И жалел добрый Густав, что не в Риге они сейчас, что не в рижской холостяцкой комнате его почивает сейчас эта нежная нимфа, не то позвал бы он тихонько из соседнего дома одну знакомую золотошвейку, чтобы вышила рукодельница-мастерица золотой нитью по белому шёлку чудный портрет, запечатлела любимую его в золоте навеки...

Капитан Оберг как раз обдумывал эту мысль, явившуюся неожиданно и согревшую его мимолётным воспоминанием о рижском уютном доме, как услышал некое движение при входе в шатёр, а потом — тихий голос; это звал его часовой.

Быстро одевшись и нацепив шпагу (не пристало часовому видеть своего командира в белье и без оружия), Оберг тихо вышел из шатра.

Часовой поклонился и негромко доложил, что к одному из постов вышел некий человек, назвавшийся литвином, и будто сказал этот человек, что хочет повидать господина капитана...

— Сколько с ним людей? — спросил Оберг.

— Он один, господин.

— Один? — не смог скрыть удивления капитан. — Похоже, этот человек с достоинством и честью... Или безумный, — досказал он, улыбнувшись. — Или очень храбрый...
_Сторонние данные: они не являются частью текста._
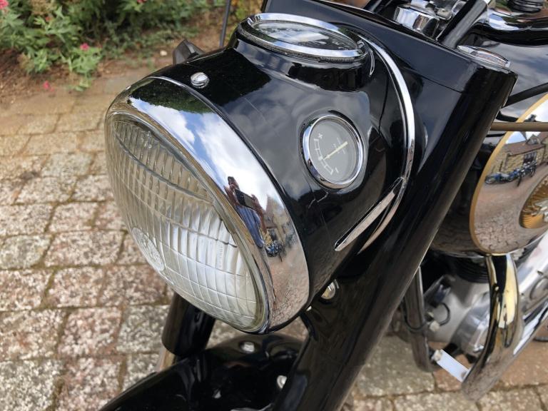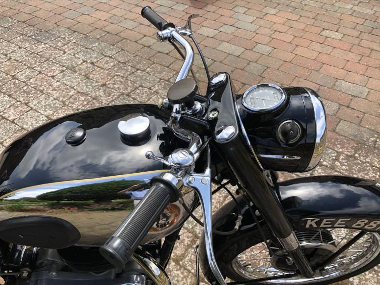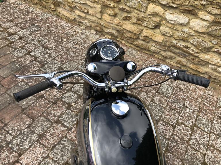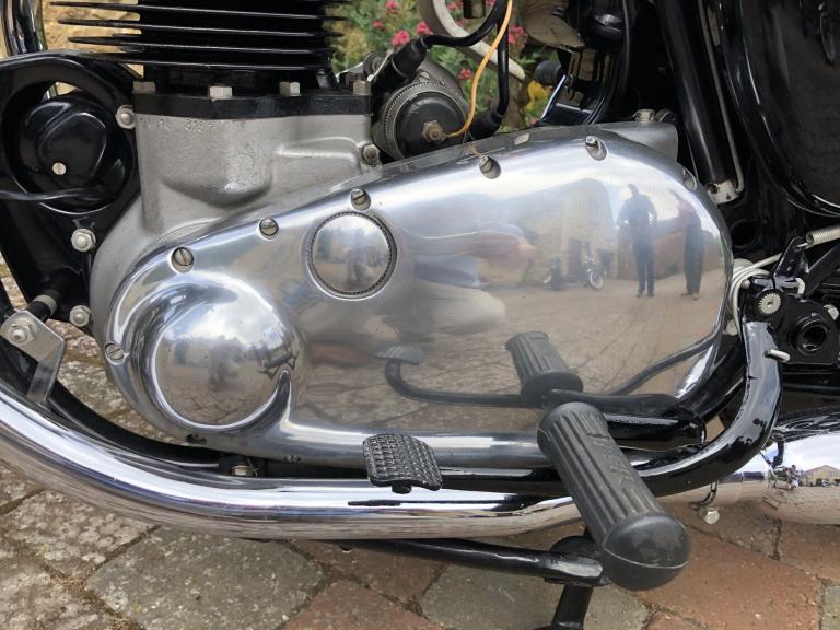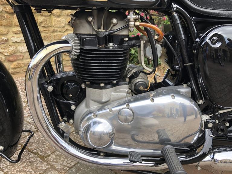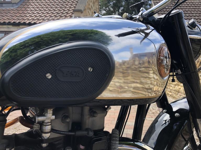 We are really pleased to offer this immaculately presented Golden FlashOwned by the previous keeper for many years and was purchased with just a few miles on the clock from his friend, so known by him since newCurrently reading some 6,400 miles which we are informed is correct, although no documentation to back this up.The previous keeper over his many years of ownership has painstakingly dismantled the BSA and completely restored her using nearly all the original nuts, bolts, washers, etc.A very rare machine and unrepeatable originality.All matching numbersCurrent V5c RF60 logbook on filePart of a private collection and long-term ownership which now if to be used will require a light recommission and general serviceExport enquiries welcomed.

— Именно так, господин, — кивнул часовой.

— Откуда ты знаешь?

— Это Тур, господин. Тот самый...

От ещё большего удивления у Оберга дрогнула бровь.

— Где же он?

— Вон он — в поле стоит, — показал рукой часовой. — Ждёт.

Шведский лагерь — шатёр капитана и несколько десятков палаток, с остывающими кострищами и табунками стреноженных лошадей, — был раскинут посреди широкого поля. Здесь, на равнинной местности, немного всхолмлённой, дремучие леса перемежались полями, которые местными жителями никогда не возделывались и использовались как пастбища либо вообще никак не использовались — оставались пустошами, заросшими вереском или чертополохом, кое-где дубками, а местами, будто для разнообразия, украшенные Творцом живописными круглыми камнями. Лагерь шведский расположен был здесь со знанием военного дела — от него до любого леса оставалось обозримого пространства не менее полумили; к такому лагерю незамеченным и самый хитрый враг не подберётся...

Капитан посмотрел в указанном направлении. Действительно, довольно далеко от лагеря, у крайних постов, закрытый по пояс туманной белесовато-серой дымкой, стоял человек.

— Это он меня ждёт!.. — кивнул Оберг.

Несколько побледнев, капитан раздумывал с минуту, потом распорядился беречь шатёр... и женщину, что в нём, — как зеницу ока, как его самого, и, пока он не вернётся, никого в шатёр не пускать.

— Осторожнее, господин капитан, — предупредил часовой. — У него сабля, и биться он мастер — мы видели это в бою.

— Но я ведь тоже знаю, как правильно шпагу держать, — не без укора ответил Оберг.

И капитан двинулся к Туру, поджидавшему его недвижно, будто статуя. Только недавно развиднелось. Было зябко. Клочья тумана запутались в кронах высоких сосен. На травах и камнях блестела роса — слёзы Авроры, оплакивающей своих двоих сыновей[92].

Когда капитан подошёл к Туру совсем близко, — а туманная дымка к тому времени ещё и несколько развеялась, — Оберг увидел, что тот стоит уже с обнажённой саблей. Яснее всяких слов говорила эта сабля: ночная битва, состоявшаяся накануне, ещё не окончена, и если кто-то посчитал, что, добившись своего и переправившись через реку, одержал верх, то это он поторопился так посчитать, и если кто-то, ступив на берег, увидел вместо войска храброго груды остывающих тел и решил, что дорога в любую сторону открыта, то это он явно ошибся. Лишними здесь были бы любые слова, и Оберг извлёк из ножен шпагу.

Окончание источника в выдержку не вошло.